> [DATASET EXTRACT]:
------------------------
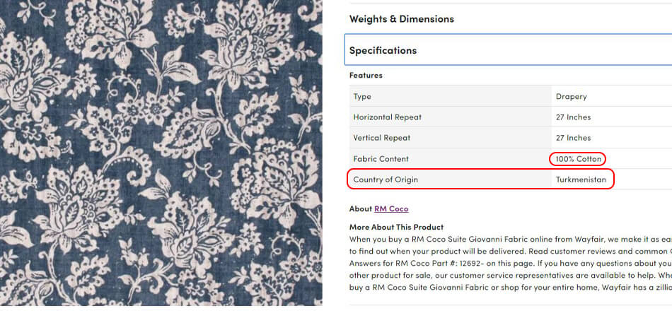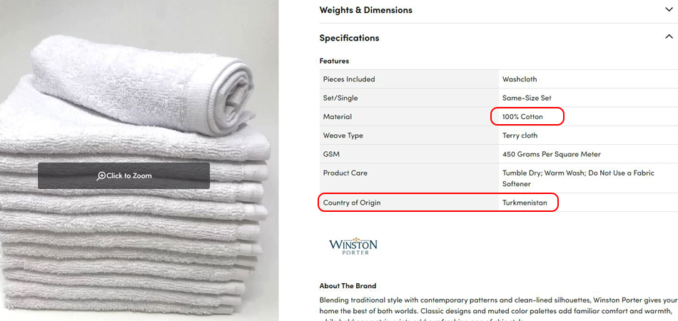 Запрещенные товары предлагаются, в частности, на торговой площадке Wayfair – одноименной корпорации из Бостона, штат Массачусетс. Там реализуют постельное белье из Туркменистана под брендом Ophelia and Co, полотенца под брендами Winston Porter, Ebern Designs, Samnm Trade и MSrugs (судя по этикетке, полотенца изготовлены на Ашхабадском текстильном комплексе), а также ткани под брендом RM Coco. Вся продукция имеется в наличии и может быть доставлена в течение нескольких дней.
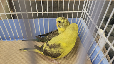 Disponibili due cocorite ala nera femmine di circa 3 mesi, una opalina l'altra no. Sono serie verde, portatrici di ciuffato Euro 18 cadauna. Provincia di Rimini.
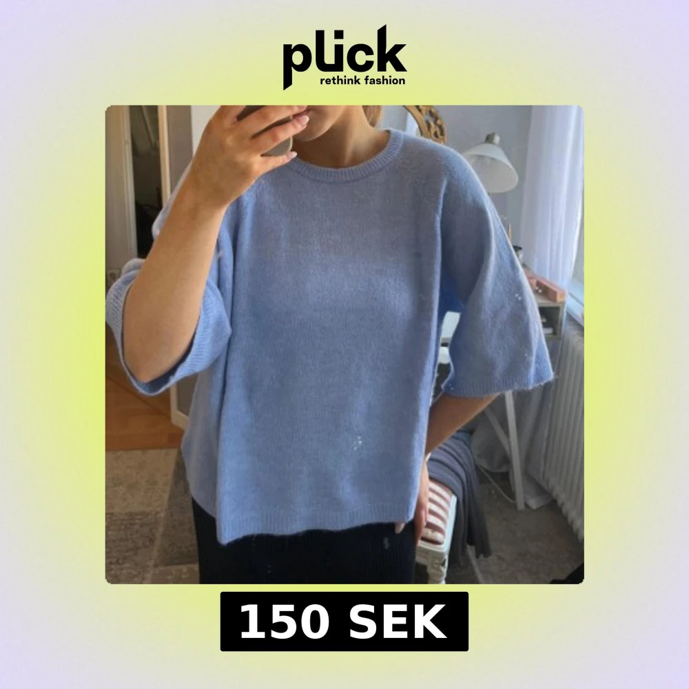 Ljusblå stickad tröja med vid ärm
------------------------
> [TO DO]:
Beginning at the line that contains "Disponibili due cocorite", retype each line of the data above through the very last one. Do not retype the pictures.

> [REPLY]:
 Disponibili due cocorite ala nera femmine di circa 3 mesi, una opalina l'altra no. Sono serie verde, portatrici di ciuffato Euro 18 cadauna. Provincia di Rimini.
 Ljusblå stickad tröja med vid ärm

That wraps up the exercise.